2. Gunfighter Nation: The Myth of the Frontier in Twentieth-Century America (Richard Slotkin, Atheneum):  While long and dense, Gunfighter Nation is arguably one of the best books ever written about the American West. The final work in an illustrious trilogy, the book deconstructs the interconnectedness of myth and reality in Western history.

3. The Virginian (Owen Wister, Macmillan):  This quintessential Western story has inspired just about every Western movie or TV series that features a nomadic cowboy. If you read only one work of Western fiction, it should be Owen Wister’s masterpiece. 

4. Saddlemaker to the Stars: The Leather and Silver Art of Edward H. Bohlin (James H. Nottage, University of Washington Press): The history of the American West has been filled with truly colorful characters, many of whom were decked out in the finest Western clothing. In the 20th century, Edward Bohlin’s signature style became internationally known for its excellence in craftsmanship. James H. Nottage’s book beautifully illustrates some of Bohlin’s greatest creations, many of which are part of the Autry’s permanent collection.

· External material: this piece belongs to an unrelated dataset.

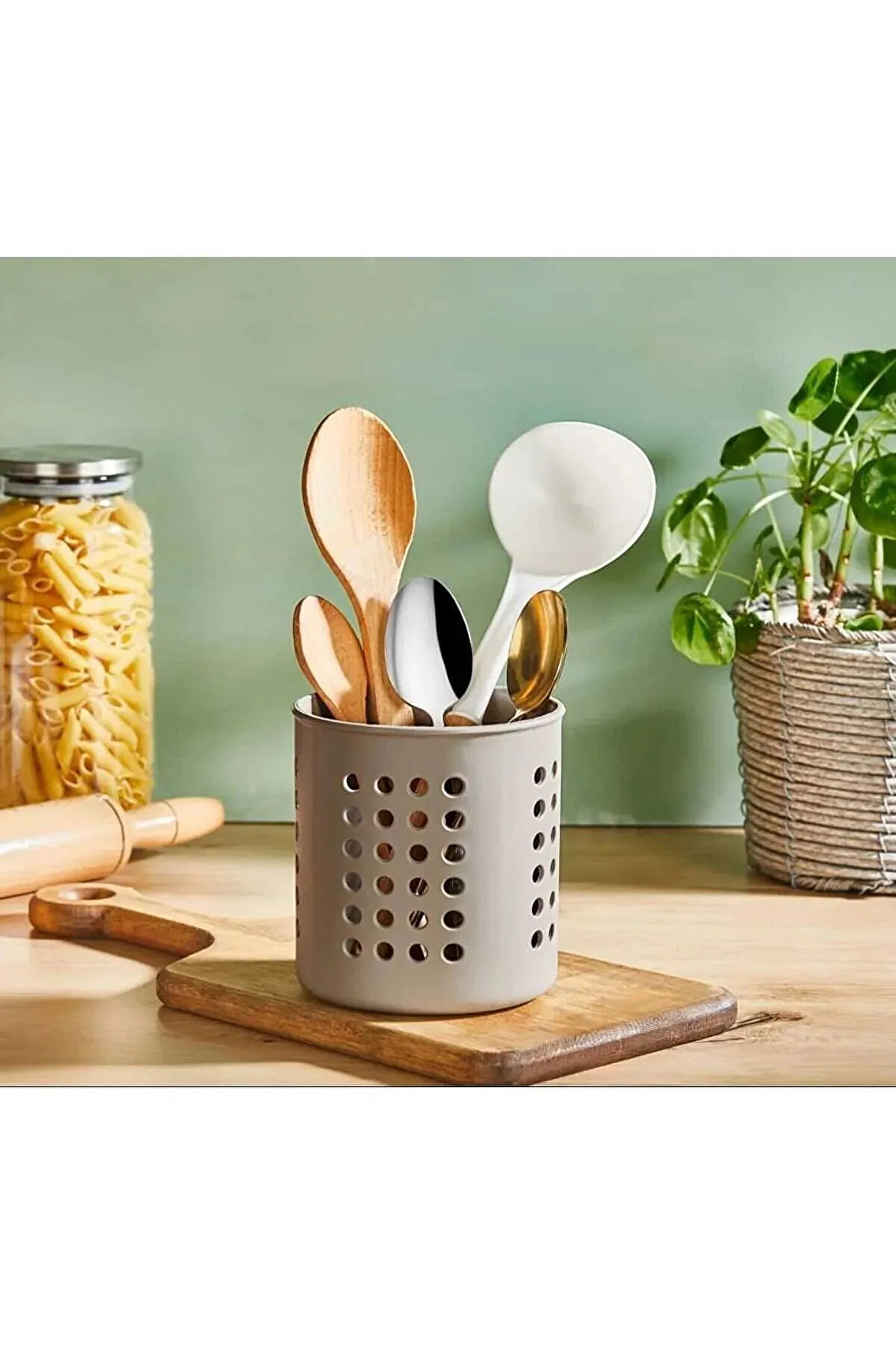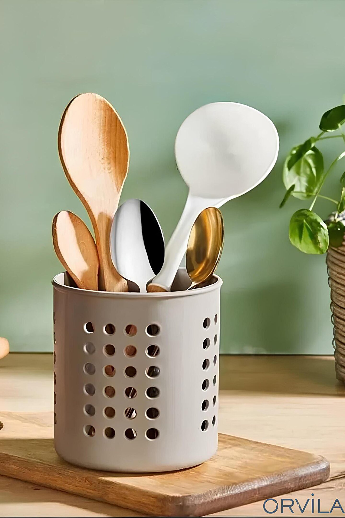 Kaşık, kepçe ve bıçaklarınızı düzenli bir şekilde kurutmak için mükemmel bir çözüm! Yüksekliği 13 cm ve çapı 12 cm olan bu ergonomik kaşıklık, hem evde hem ofiste hem de işyerlerinde kullanım için idealdir.; Kırılmaz plastik malzemesi sayesinde paslanmaz, uzun ömürlüdür ve dayanıklıdır.; Çeyiz setiniz için de harika bir seçenek olan bu kaşıklık, mutfak gereçlerinizi güvenle yerleştirebilmeniz için geniş bir alan sunar.; Temizliği son derece kolaydır, hijyenik kullanım sağlar.; Şık tasarımıyla mutfaklarınıza şıklık katar ve dağınıklığı ortadan kaldırır.;; ; Yükseklik: 13 cm;; ; Çap: 12 cm;; ; Malzeme: Kırılmaz plastik (Paslanmaz, uzun ömürlü).;; ; Kullanım Alanları: Mutfak, ofis, ev, işyeri.;; ; Ergonomik ve pratik tasarım.;; ; Kaşık, kepçe, bıçak gibi mutfak gereçlerini kolayca kurutun.;; ; Kolay temizlenebilir.;; ; Çeyizler için mükemmel seçenek.;; ;
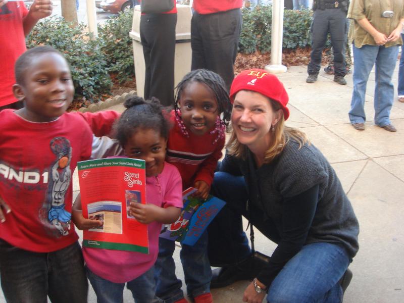 Below Secret Santa and his loyal ELFs passed out the Secret Santa Coloring Book and tell the story of Secret Santa to children. From a school for homeless children in Phoenix, AZ, to the street corners of Charlotte, NC the story of Secret Santa continues. God bless our children -- they are our future.

4. Colt: The Making of an American Legend (William Hosley, University of Massachusetts Press): A lot of good books have been written about Samuel Colt. Whereas my own book focuses on specific Colt guns, William Hosley’s book examines the personal and professional lives of Samuel and his wife, Elizabeth, sharing an interesting tale of two individuals who helped shape the modern world.